Assignment:
Take the line containing "2 English Traditional" and all lines after it, through the end of the material, and repeat them exactly, pictures left out.

Material provided:
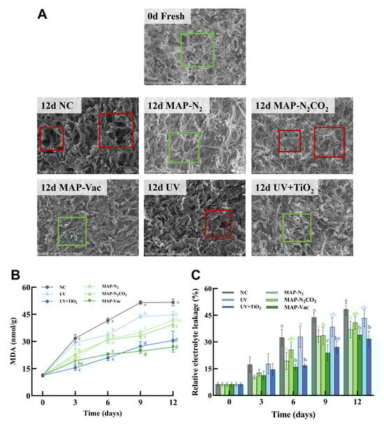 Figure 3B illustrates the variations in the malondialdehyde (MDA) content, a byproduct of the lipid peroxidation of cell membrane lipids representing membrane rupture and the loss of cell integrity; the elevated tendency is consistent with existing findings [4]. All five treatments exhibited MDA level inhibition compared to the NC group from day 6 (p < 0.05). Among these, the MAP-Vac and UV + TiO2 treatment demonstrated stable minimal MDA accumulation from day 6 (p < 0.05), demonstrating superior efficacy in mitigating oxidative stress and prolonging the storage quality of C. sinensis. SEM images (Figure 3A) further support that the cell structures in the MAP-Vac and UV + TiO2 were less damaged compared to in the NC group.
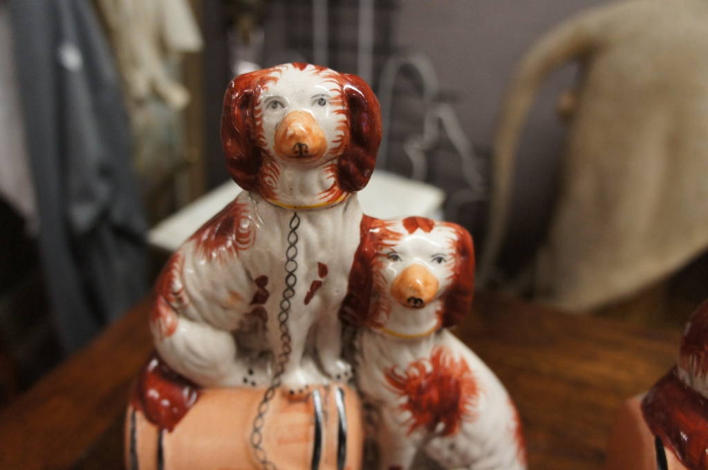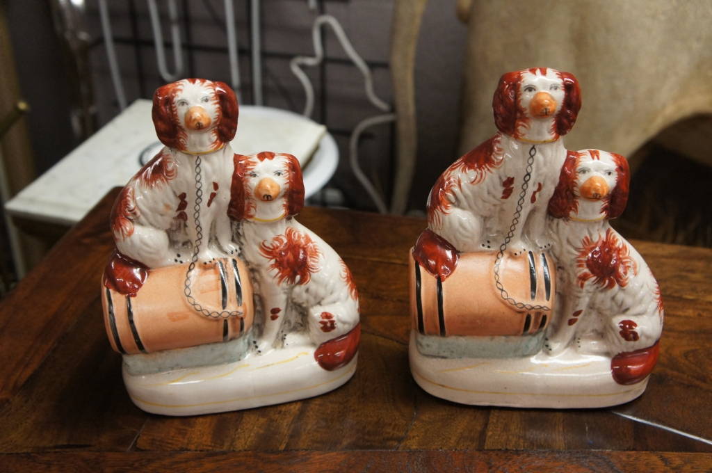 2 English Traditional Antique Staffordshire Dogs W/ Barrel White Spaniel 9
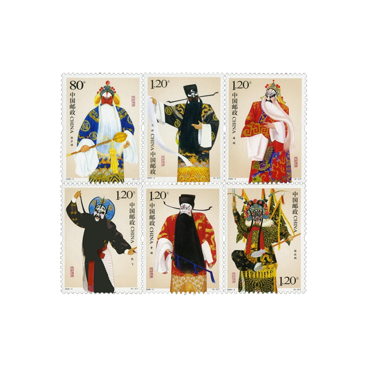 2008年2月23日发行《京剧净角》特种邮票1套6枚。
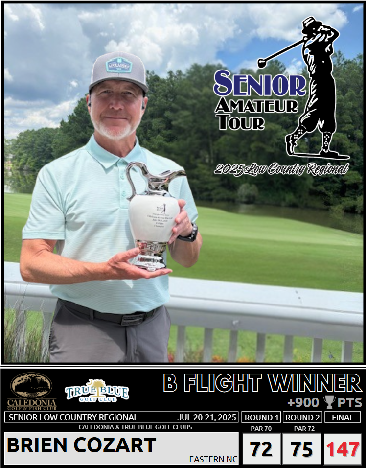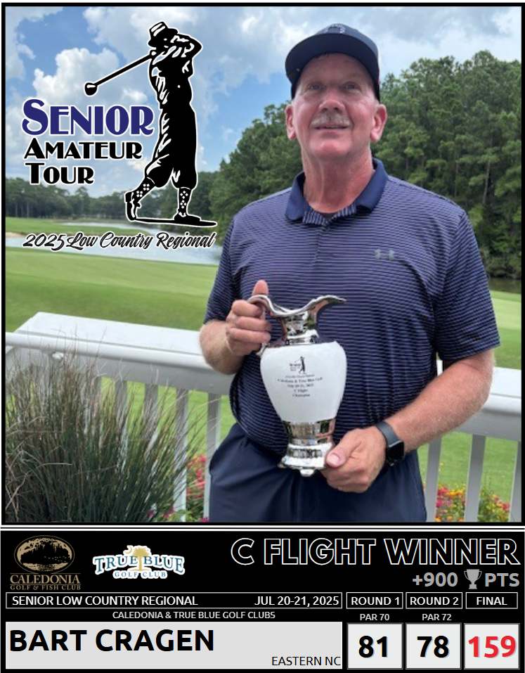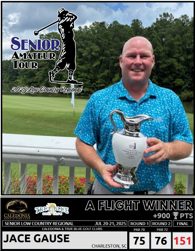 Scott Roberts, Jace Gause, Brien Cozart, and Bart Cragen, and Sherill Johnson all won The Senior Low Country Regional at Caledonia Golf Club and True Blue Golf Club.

Your solution:
 2 English Traditional Antique Staffordshire Dogs W/ Barrel White Spaniel 9
 2008年2月23日发行《京剧净角》特种邮票1套6枚。
 Scott Roberts, Jace Gause, Brien Cozart, and Bart Cragen, and Sherill Johnson all won The Senior Low Country Regional at Caledonia Golf Club and True Blue Golf Club.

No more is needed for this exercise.